Big data is quickly becoming an important part of large-scale business operations. But it's never been very quick itself, due to limitations on how that data is stored, manipulated, and retrieved.
Platfora has developed a solution for big data users that provides business analysts with self-service access, rather than requiring IT to maintain fixed-purpose reporting and analytics, which may fail to deliver the information businesses need to make timely, effective decisions.
In this edition of the New Tech Forum, Ben Werther, CEO of Platfora, gives us a look at how big data can be used for agile business intelligence, without the traditional hangups and sluggish performance. -- Paul Venezia
Bringing big data into focus with a better lens
Big data analytics today tends to suffer from an inherent contradiction: To gain competitive advantage, many companies are jumping on big data technologies, which enable them to process raw data in new ways -- yielding sharper and much more timely business intelligence. Yet the traditional processes for extracting business intelligence from big data and sharing it throughout the organization are anything but fast.

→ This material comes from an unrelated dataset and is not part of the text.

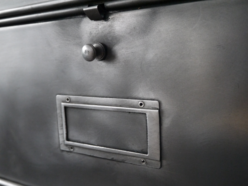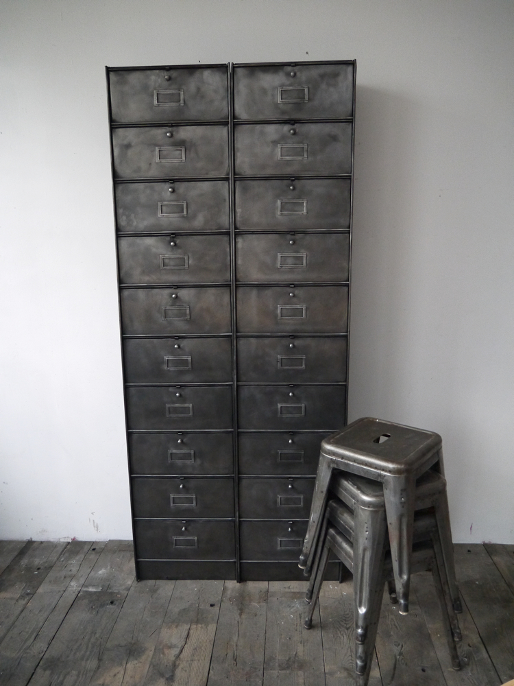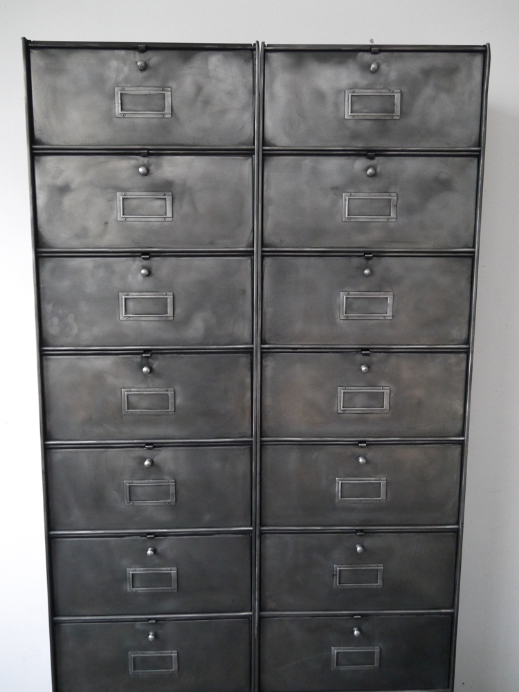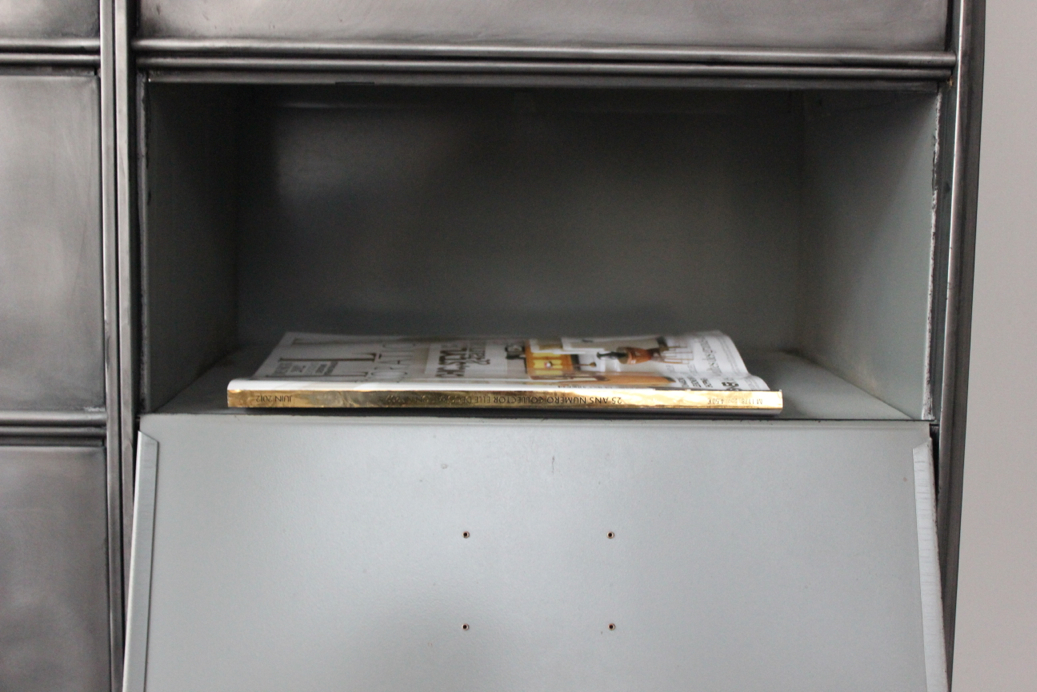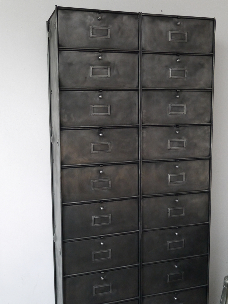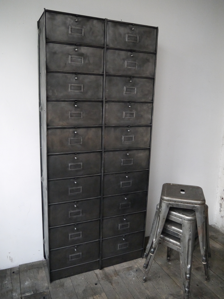 Ancien meuble industriel a clapet Roneo 20 casiers, portes etiquette et boutons laitonnés années 1950 / 1960 Mobilier ideal pour une deco industrielle meuble de rangement / tri metallique aux lignes tres pures dim 80 / 30 cm haut 198 cm. Le metal a été décapé, teinté graphite et  traité contre la corrosion Forfait livraison à votre domicile par transporteur pour la France metropolitaine 80 euros

Without question, the Apache Hadoop open source project has helped to advance big data analytics. Hadoop is massively scalable and provides a framework for distributed processing of massive data sets across clusters of computers using cost-effective commodity hardware. Hadoop's flexible "schema on read" approach enables companies to define schema after data has been stored, instead of being constrained by the traditional database "schema on write" model. But Hadoop has limitations that must be overcome if businesses want to take full advantage of their raw data in all forms.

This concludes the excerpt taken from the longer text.